(INFORMATION SHOWN)

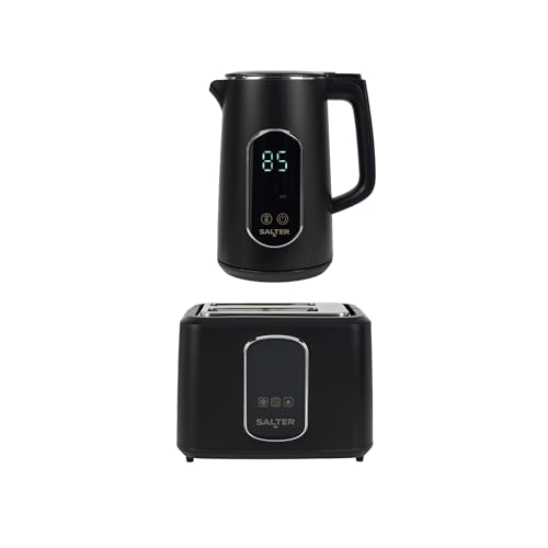 Salter Digital Kettle & Toaster Set – 1.7L Temp Rite Kettle with Variable Temperature Control, Toast Rite 2-Slice Toaster with Precise Browning Control, LED Touchscreen Displays, Black
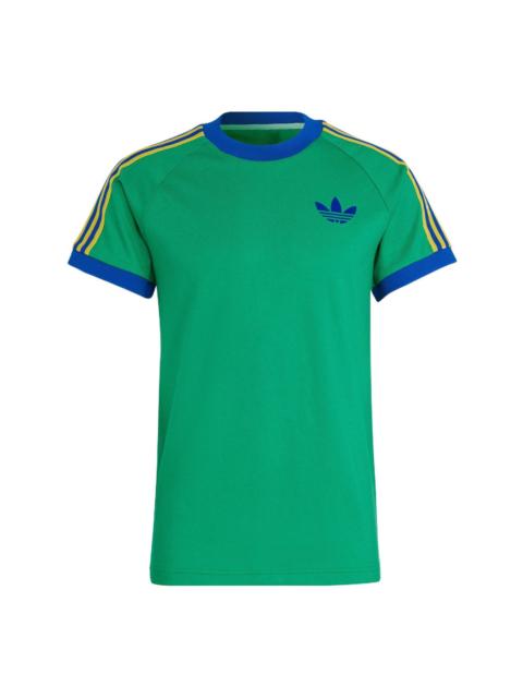 Men's adidas originals Cali Tee Shoulder Stripe Ribbed Round Neck Short Sleeve Milky White T-Shirt I
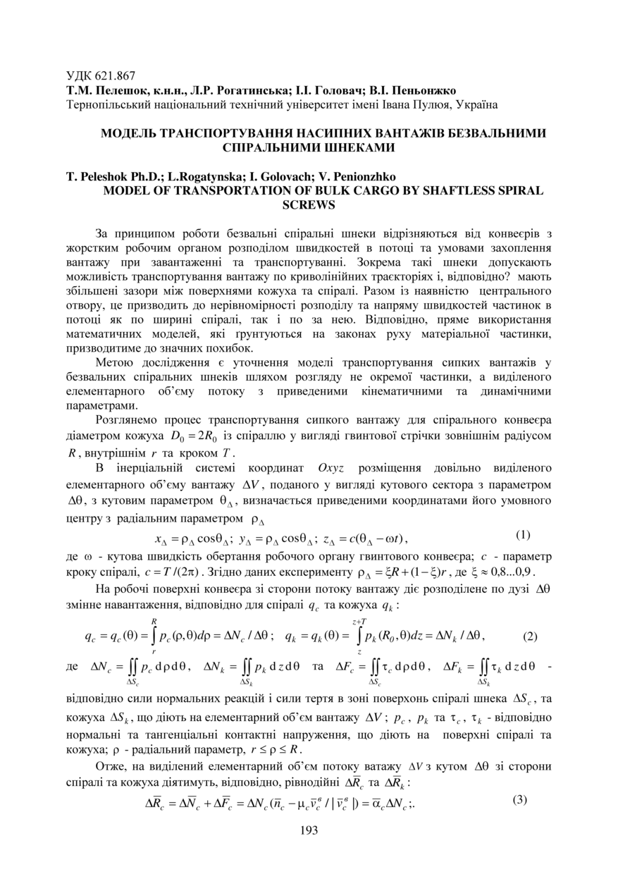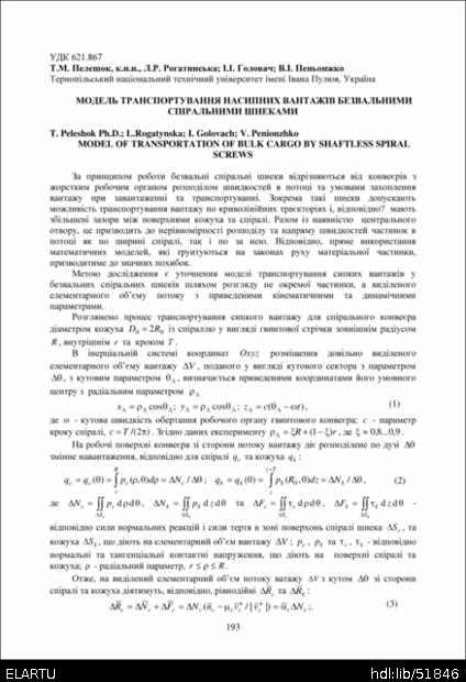 | Bibliographic citation (APA): | Peleshok, T., Rogatynska, L., Golovach, I., & Penionzhko, V. (2025). Model transportuvannia nasypnykh vantazhiv bezvalnymy spiralnymy shnekamy [Model of transportation of bulk cargo by shaftless spiral screws]. Proceedings of the ⅩⅣ International Scientific and Technical Conference of Young Scientists and Students “Current Issues of Modern Technologies”, 11-12 December 2025, Ternopil, 193-194. PE Palianytsia V.A.. [in Ukrainian]. |

(End INFORMATION SHOWN)

Restate the data word for word without pictures.

 Salter Digital Kettle & Toaster Set – 1.7L Temp Rite Kettle with Variable Temperature Control, Toast Rite 2-Slice Toaster with Precise Browning Control, LED Touchscreen Displays, Black
 Men's adidas originals Cali Tee Shoulder Stripe Ribbed Round Neck Short Sleeve Milky White T-Shirt I
 | Bibliographic citation (APA): | Peleshok, T., Rogatynska, L., Golovach, I., & Penionzhko, V. (2025). Model transportuvannia nasypnykh vantazhiv bezvalnymy spiralnymy shnekamy [Model of transportation of bulk cargo by shaftless spiral screws]. Proceedings of the ⅩⅣ International Scientific and Technical Conference of Young Scientists and Students “Current Issues of Modern Technologies”, 11-12 December 2025, Ternopil, 193-194. PE Palianytsia V.A.. [in Ukrainian]. |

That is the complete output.